** The data follows **
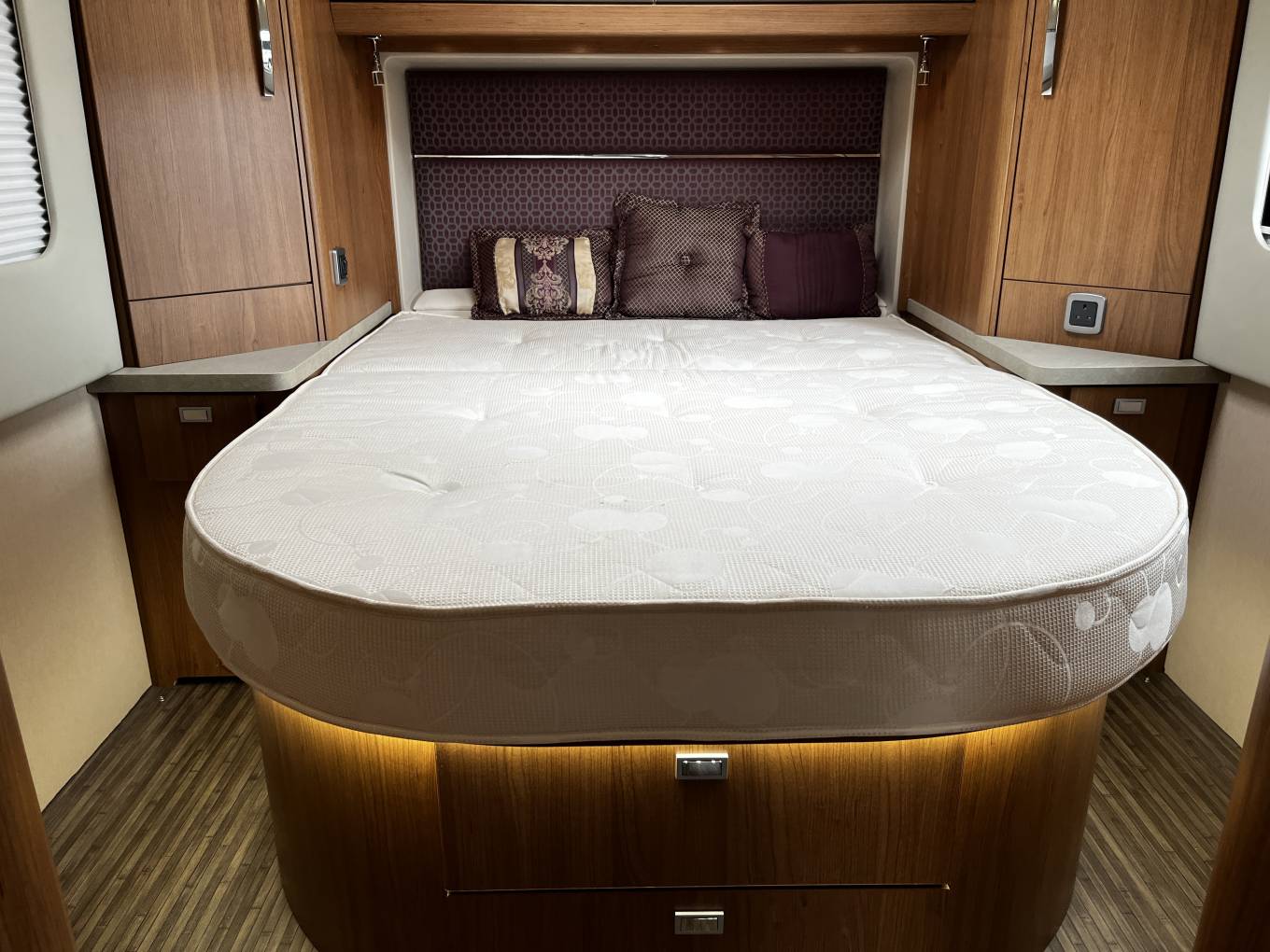 Sleeping – Rear fixed Island bed, very comfortable with wardrobe lockers to each side and overhead storage. Plug sockets, LED lighting and flyscreens/blinds and Curtains. There is a partition door allowing a private bedroom
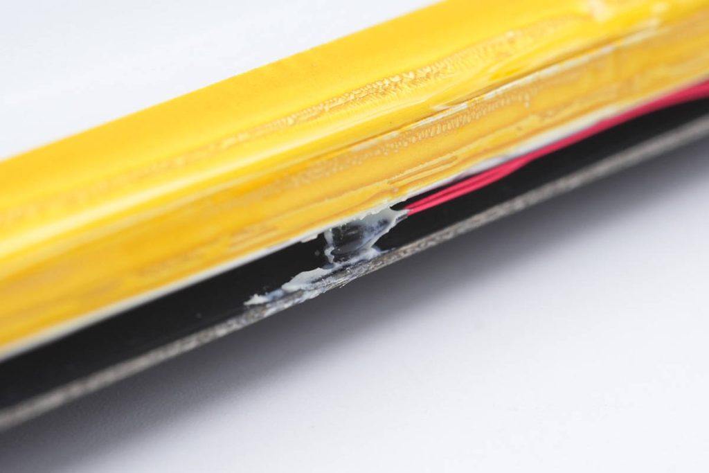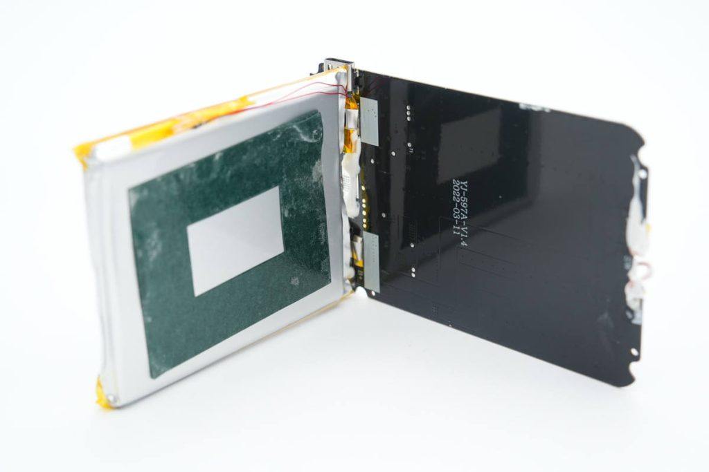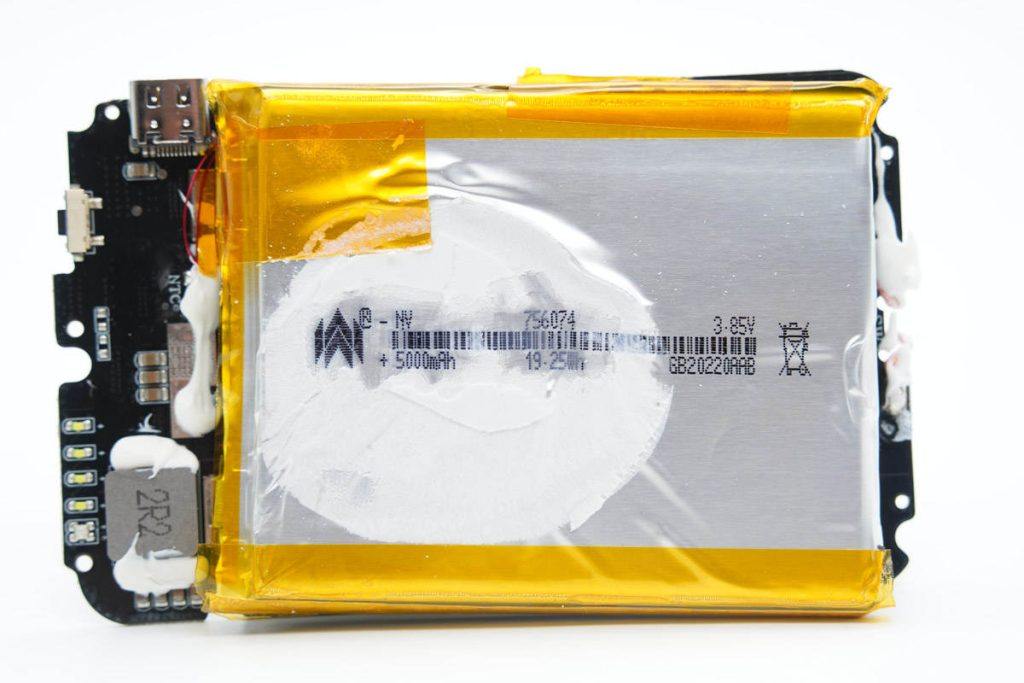 电池来自诺威新能源,容量为5000mAh,电压为3.85V,属于高压电池,相比3.7V锂电池具有更高的能量,电池尺寸为7.5mm厚,60mm宽,74mm长。
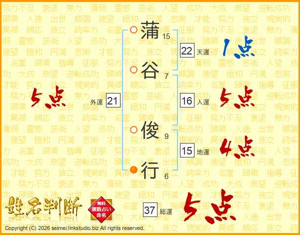 蒲谷俊行さんの総運は37画の5点!
** End of The data **
_Directions for this task_: Return the lines exactly, from the one containing "电池来自诺威新能源,容量为5" through the last line above, including both ends and excluding every picture.

_Reply_:
 电池来自诺威新能源,容量为5000mAh,电压为3.85V,属于高压电池,相比3.7V锂电池具有更高的能量,电池尺寸为7.5mm厚,60mm宽,74mm长。
 蒲谷俊行さんの総運は37画の5点!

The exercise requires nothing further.